The problem is that when McCree et al did their work on how plants respond to light, they only had access to light filters, analog equipment, and were only able to assess plants’ response to light one color at a time. They did not consider how these light frequencies work together and complement each other, nor did they have access to the sophisticated measuring equipment that we have today. As a result, a lot of this ‘foundational’ grow light knowledge is now in the process of being proven wrong.
The invention of single-color LEDs has allowed us to learn much more about how plants respond to light. Professor Bruce Budgee of Utah University is one of the leading researchers in this field. Thanks to the work of Professor Budgee and others, we now understand that:
- UVA / UVB (less than 400nm) – impacts essential oils, taste, and flavor
- Green – is incredibly good at canopy and leaf penetration, much more so than red and blue
- Far Red (700-760nm i.e. not even counted as ‘PAR’ light) – enhances cell expansion, and is a particularly good complement to blue
To purchase a blue/red (purple) grow light means you are ignoring the last 20 years of research and science on how plants respond to light. We just don’t think that ignoring science is a smart thing to do.
Reason 3 – Purple Grow Lights Are Just Not That Pleasant To Live With
The first ever ‘beta’ test we performed at Urban Leaf involved setting up a group of about 12 people with a very basic Kratky hydroponic setup and a grow light. We split the group in two – half had white lights and the others purple. Although the purple light users thought they were ‘cool’ at first, the novelty quickly wore off. By the end of our trial, most of the purple grow light users had either found a way to cover their units with a cloth to shade the light, or they’d relocated them to a cupboard or wardrobe.
Given the hours we’d spent assembling these units by hand, we were pretty disheartened to see people going to these extents to ‘hide’ our products. It taught us however that purple light is just not a pleasant color to have in a living space.
Want another reason? Purple light is also shown to make you feel sleepy and reduce sexual desires. Doesn’t sound very fun, if you ask us :)
Purple vs White LED Grow Lights – A Better Option?
Hopefully by now, it is clear why we do not recommend purple grow lights for small-scale at-home growers who are looking to set up a garden in their living space.

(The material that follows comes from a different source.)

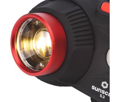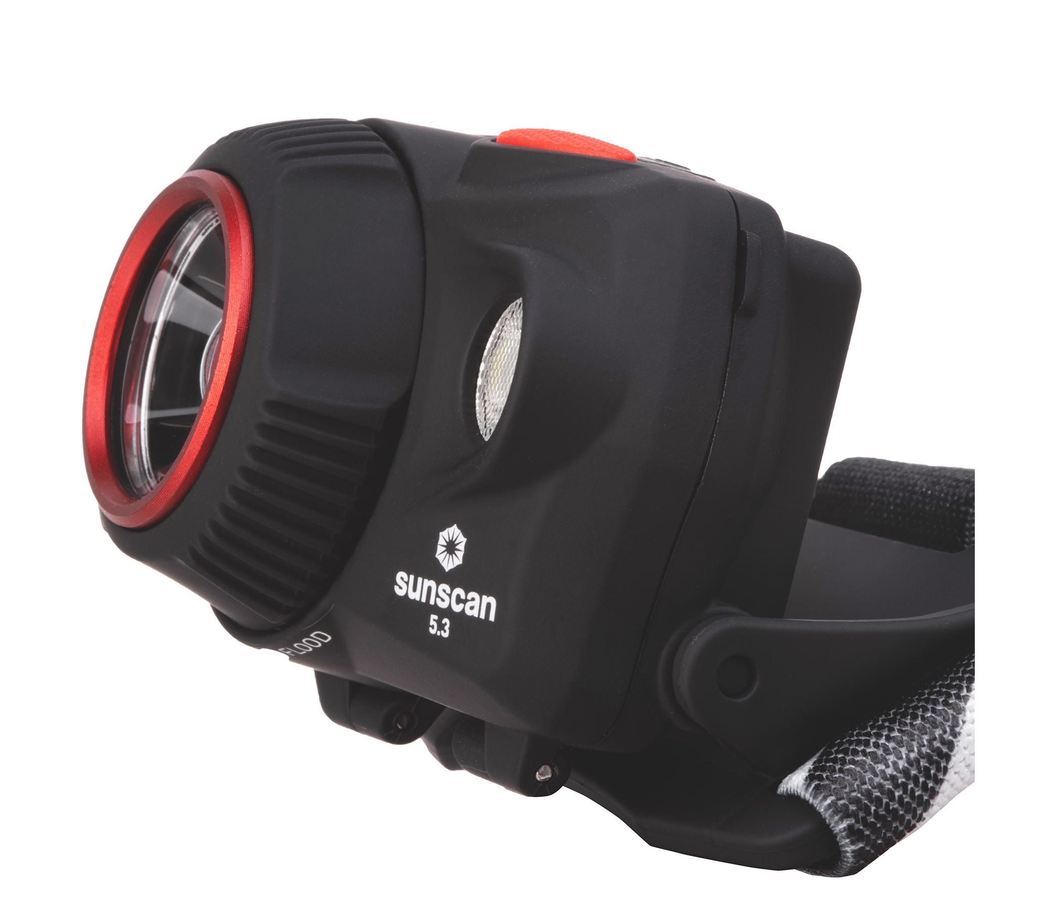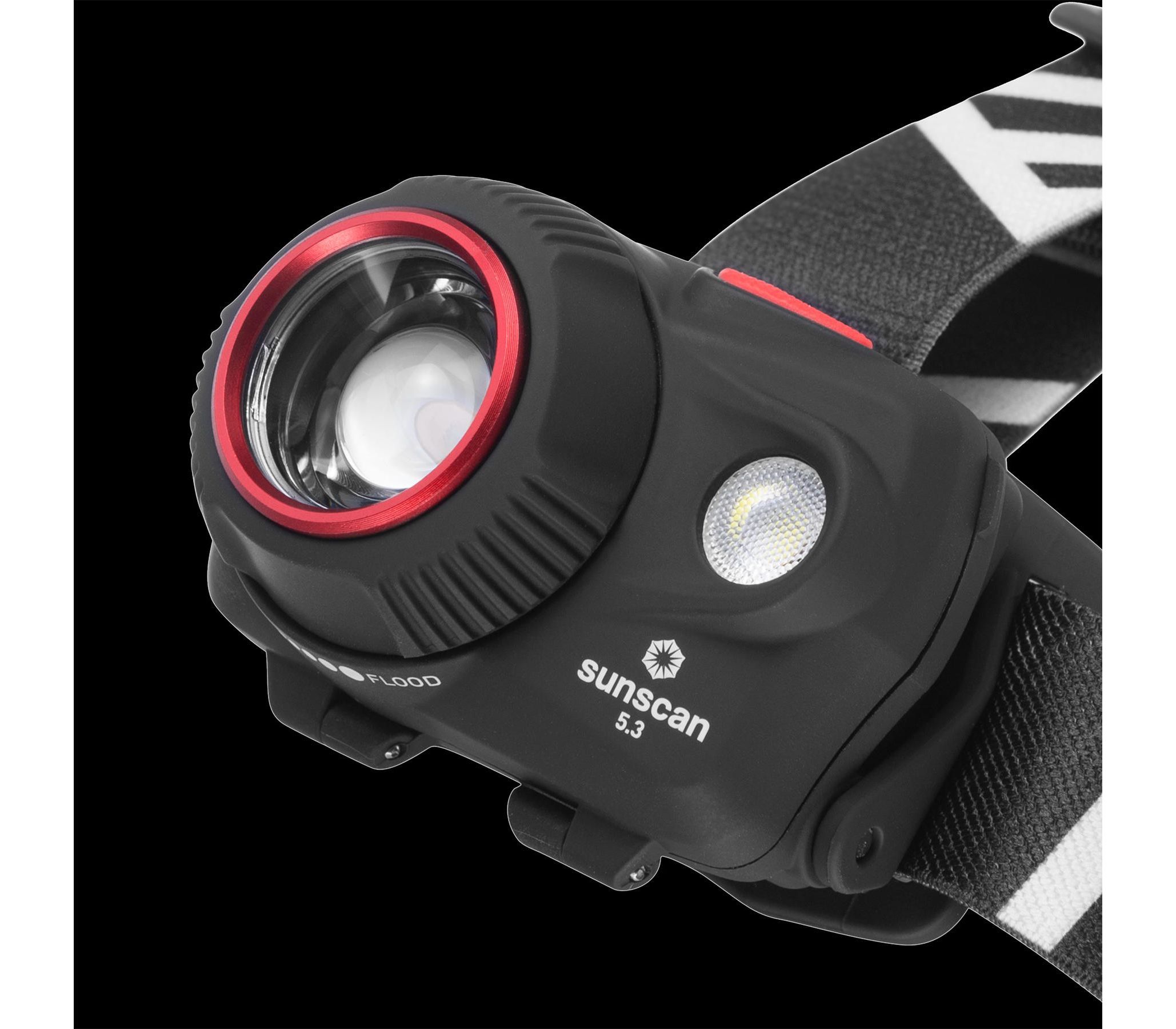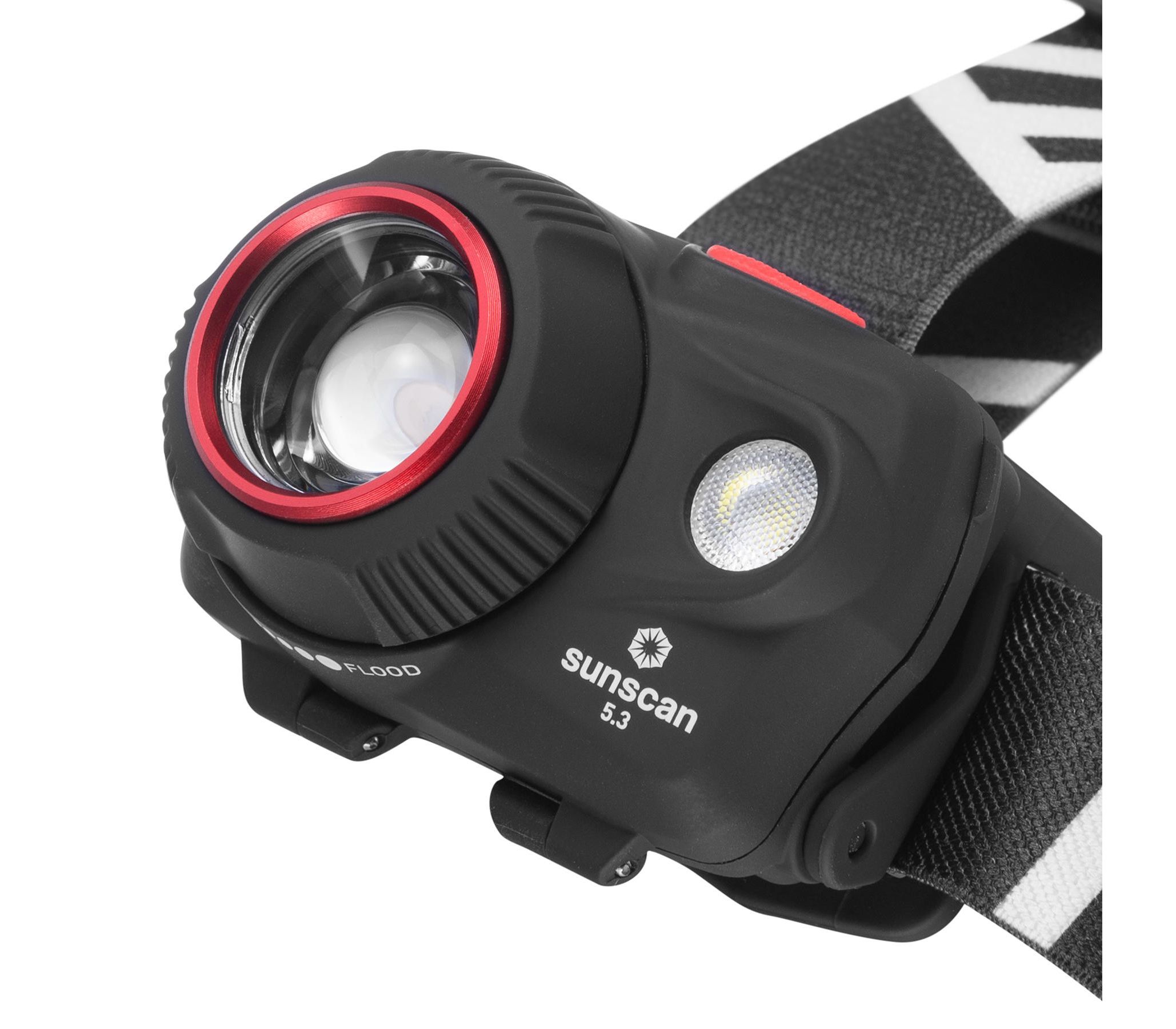 Висувна лінза плавно регулює ширину променя. Завдяки цьому Mactronic Sunscan 5.3 здатний ефективно освітлювати як місцевість на відстані до 123 метрів, так і освітлити предмети перед вами. Ремінець із внутрішньої сторони покритий силіконом, завдяки якому він добре тримається на голові або головному уборі, а також додатково має маківковий пасок для кращого балансування. Крім того, система альтернативного живлення DSS™ дозволяє використовувати батарейки ААА - одні з найдешевших і найпоширеніших. Кут нахилу ліхтаря регулюється у шести положеннях.

A better choice, in our opinion, is a full spectrum light that will ensure optimal plant health and a more pleasant environment for you, too. The Kelvin scale is a useful reference for evaluating ‘white’ grow lights. If you live in a very hot environment, and you want the inside of your home to feel cool then look for a light rated 5000-5500K. The spectral distribution of these lights skews towards blue making them feel a little cooler. If you live in a colder climate or have a small space, we recommend a warmer light temperature, in the 2700 – 3500K range. These skew red, and have a warmer glow, making them arguably a little better for fruiting and flowering compared to a higher K globe which would be better for vegetative growth.